▸ **WORK ORDER**
Write out again, word for word, the lines below from the line that holds "จานเนยทองเหลือ" through the line that holds "4月24日12時左右,天津市", omitting pictures.

▸ **DATA SECTION**
....................

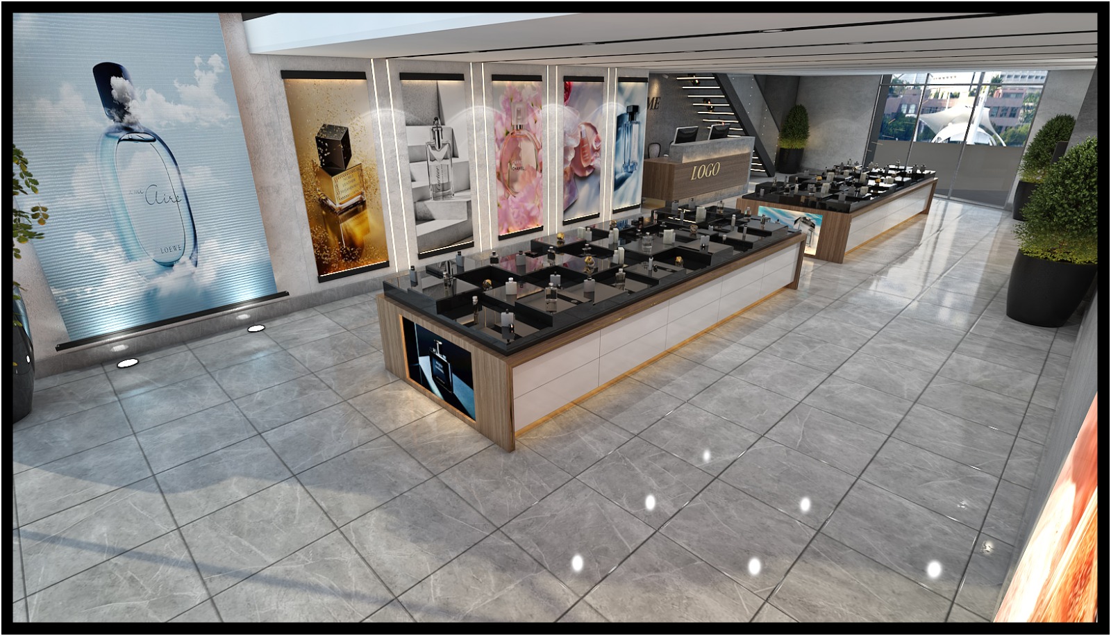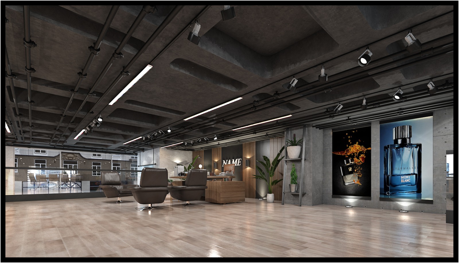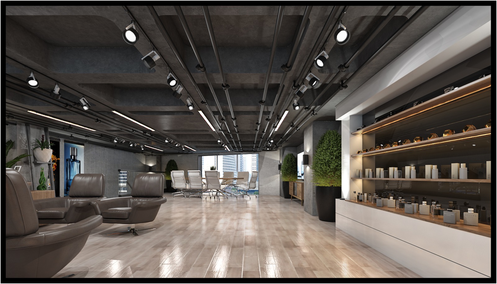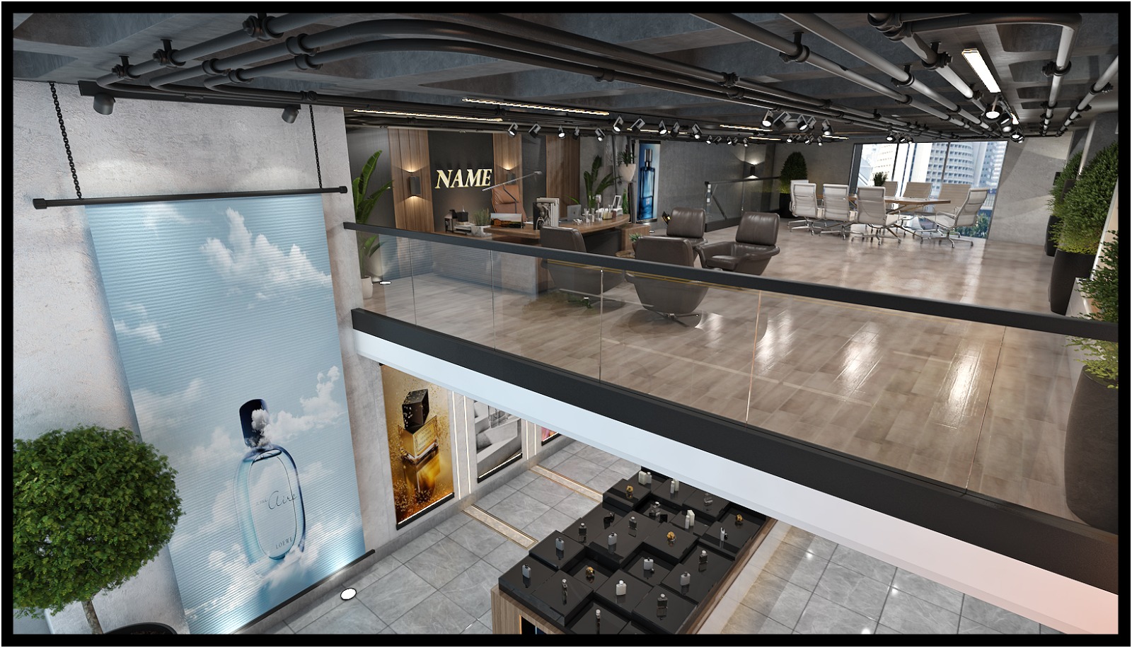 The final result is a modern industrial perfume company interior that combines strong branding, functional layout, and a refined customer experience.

....................

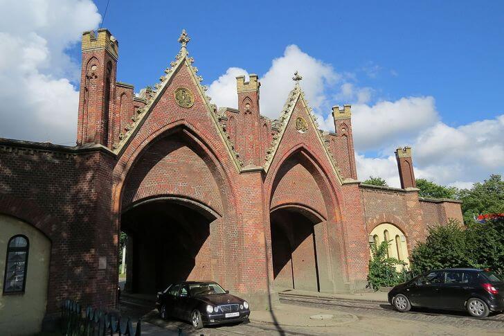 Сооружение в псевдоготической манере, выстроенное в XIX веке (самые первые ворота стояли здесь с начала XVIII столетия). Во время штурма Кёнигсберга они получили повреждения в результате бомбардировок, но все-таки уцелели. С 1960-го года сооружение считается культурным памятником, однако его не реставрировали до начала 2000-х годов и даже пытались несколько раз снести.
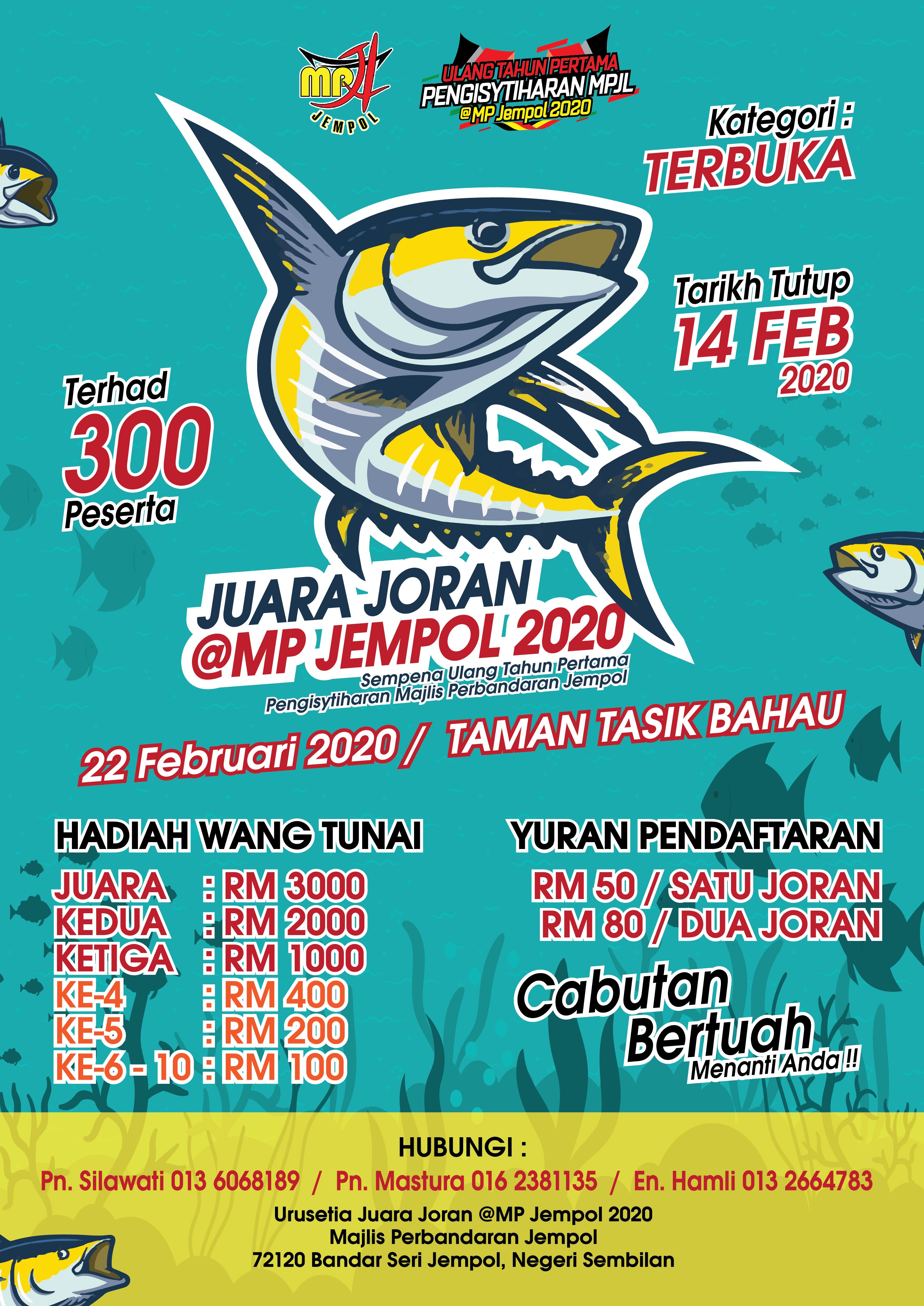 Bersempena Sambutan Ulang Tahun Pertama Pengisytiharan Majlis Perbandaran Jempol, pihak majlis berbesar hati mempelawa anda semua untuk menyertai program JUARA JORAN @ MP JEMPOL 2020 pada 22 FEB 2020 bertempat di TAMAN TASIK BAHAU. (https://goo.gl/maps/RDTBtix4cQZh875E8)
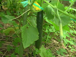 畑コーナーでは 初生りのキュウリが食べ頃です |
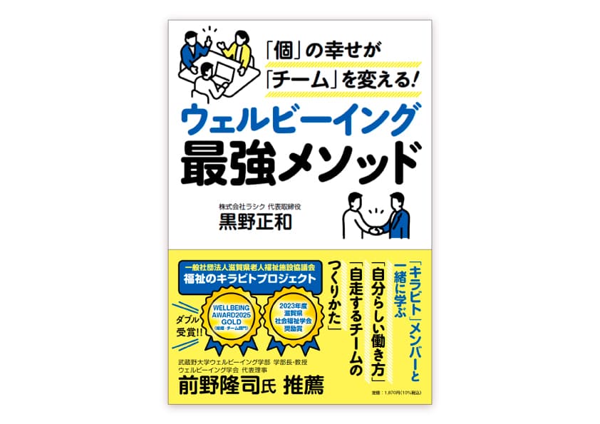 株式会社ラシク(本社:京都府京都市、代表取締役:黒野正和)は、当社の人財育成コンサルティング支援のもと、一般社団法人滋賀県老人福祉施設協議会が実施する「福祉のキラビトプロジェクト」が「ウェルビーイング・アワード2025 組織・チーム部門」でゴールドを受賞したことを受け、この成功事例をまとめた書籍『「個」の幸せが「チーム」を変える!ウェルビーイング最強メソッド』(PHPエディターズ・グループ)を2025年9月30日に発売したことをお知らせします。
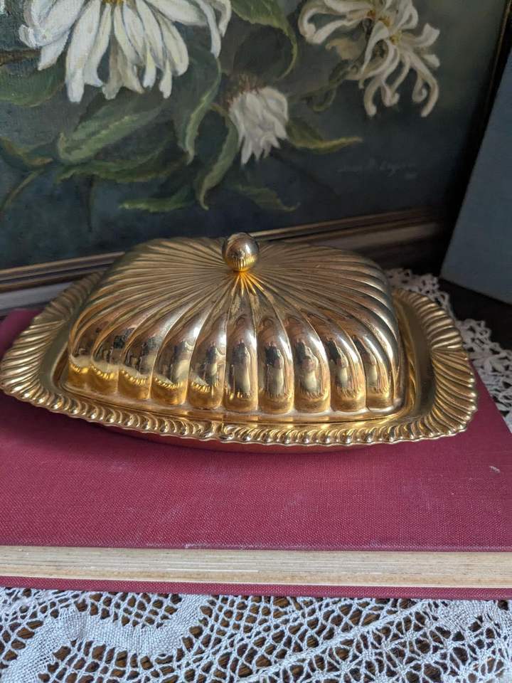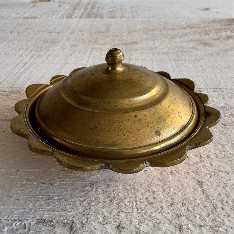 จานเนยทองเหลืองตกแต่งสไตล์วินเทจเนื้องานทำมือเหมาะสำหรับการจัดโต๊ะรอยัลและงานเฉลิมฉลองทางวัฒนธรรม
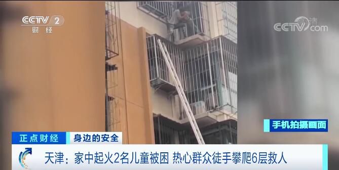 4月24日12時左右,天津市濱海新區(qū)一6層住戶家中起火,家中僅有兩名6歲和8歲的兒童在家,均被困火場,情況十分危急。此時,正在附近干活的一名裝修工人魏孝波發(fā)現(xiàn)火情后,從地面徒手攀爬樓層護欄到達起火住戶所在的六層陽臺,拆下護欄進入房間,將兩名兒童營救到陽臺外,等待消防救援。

....................

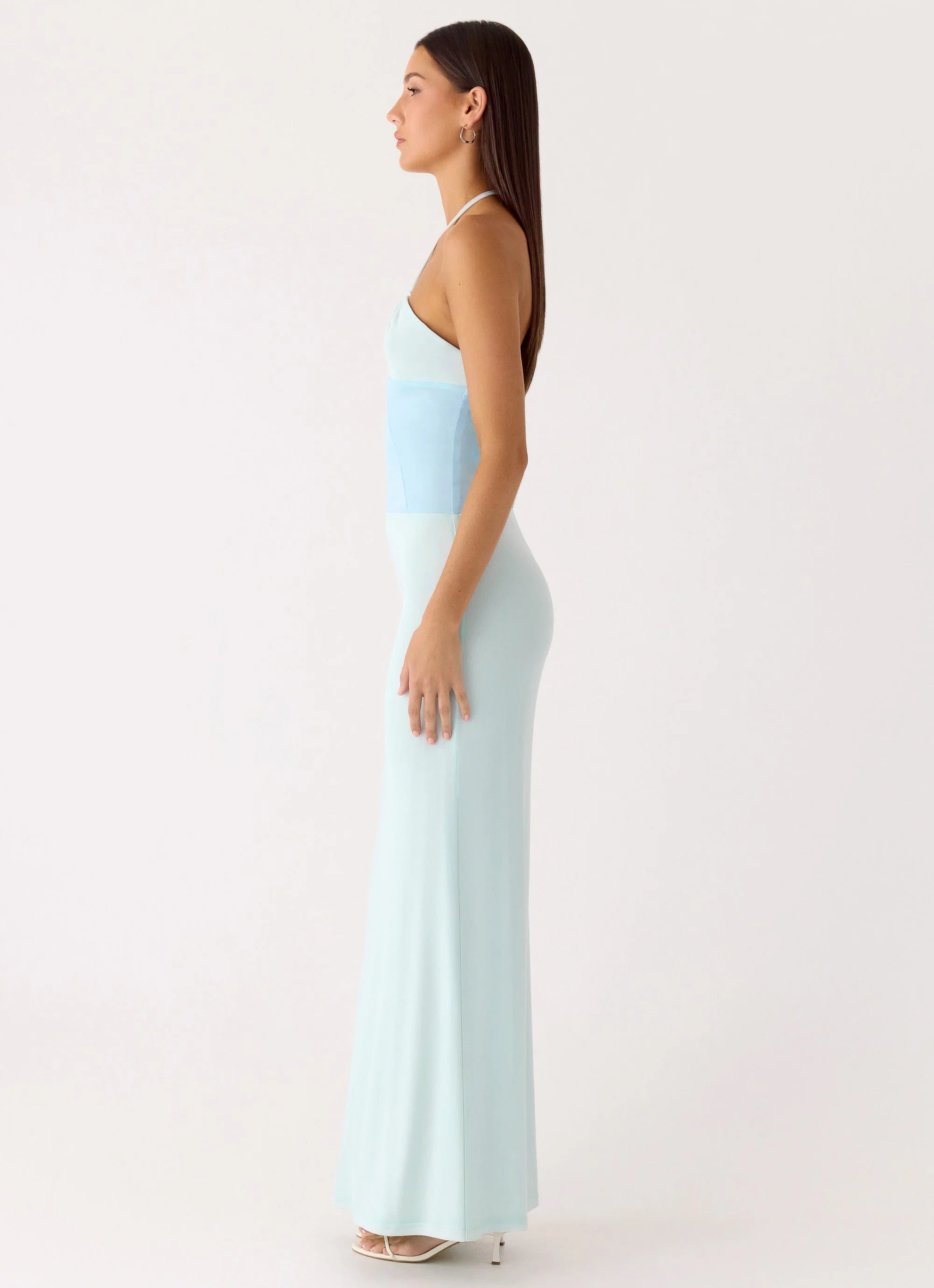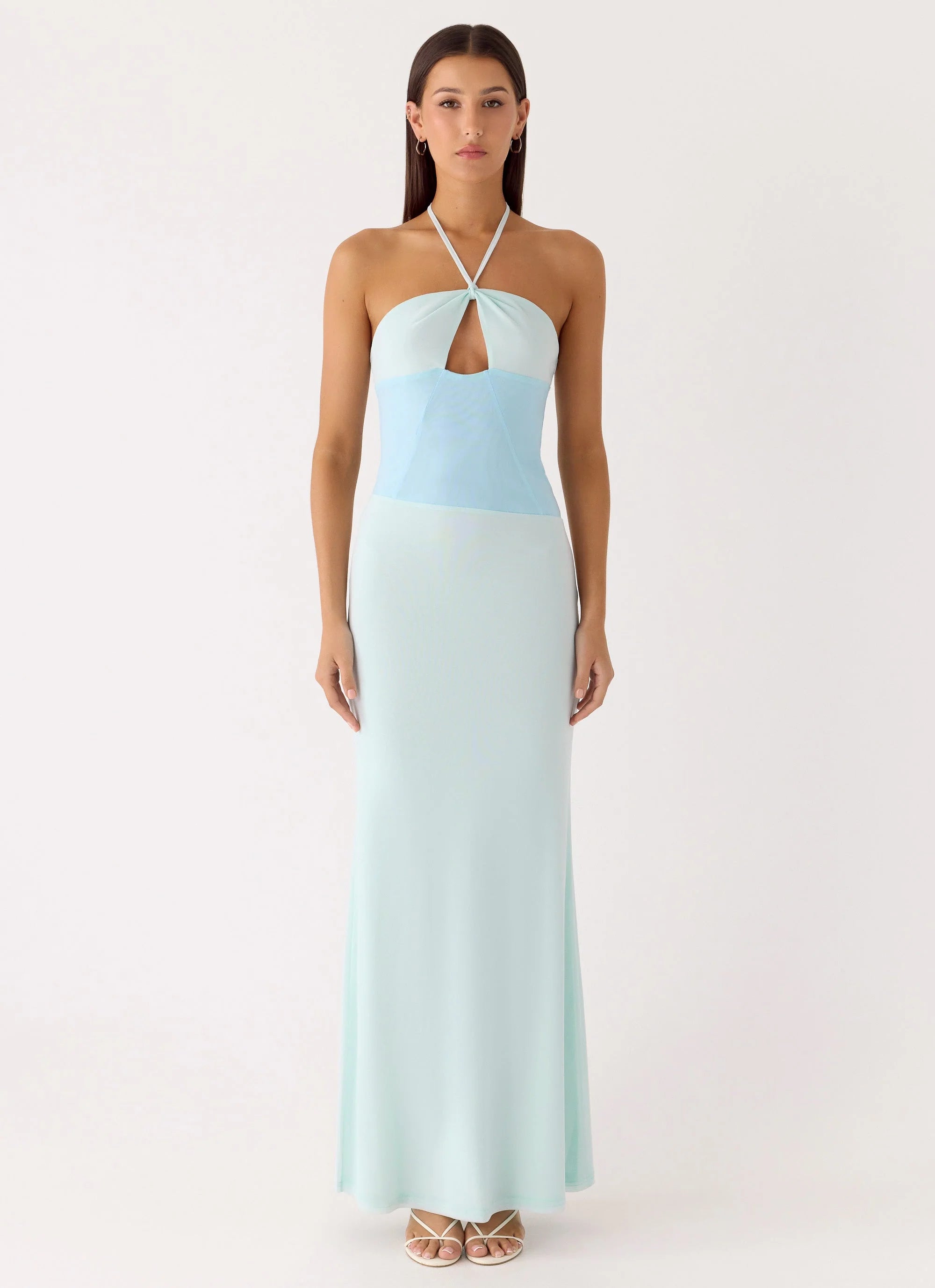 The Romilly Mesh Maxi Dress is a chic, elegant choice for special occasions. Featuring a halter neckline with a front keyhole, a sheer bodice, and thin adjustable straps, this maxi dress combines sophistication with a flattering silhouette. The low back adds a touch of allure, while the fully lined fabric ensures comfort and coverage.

....................

▸ **SOLUTION TO THIS EXERCISE**
 จานเนยทองเหลืองตกแต่งสไตล์วินเทจเนื้องานทำมือเหมาะสำหรับการจัดโต๊ะรอยัลและงานเฉลิมฉลองทางวัฒนธรรม
 4月24日12時左右,天津市濱海新區(qū)一6層住戶家中起火,家中僅有兩名6歲和8歲的兒童在家,均被困火場,情況十分危急。此時,正在附近干活的一名裝修工人魏孝波發(fā)現(xiàn)火情后,從地面徒手攀爬樓層護欄到達起火住戶所在的六層陽臺,拆下護欄進入房間,將兩名兒童營救到陽臺外,等待消防救援。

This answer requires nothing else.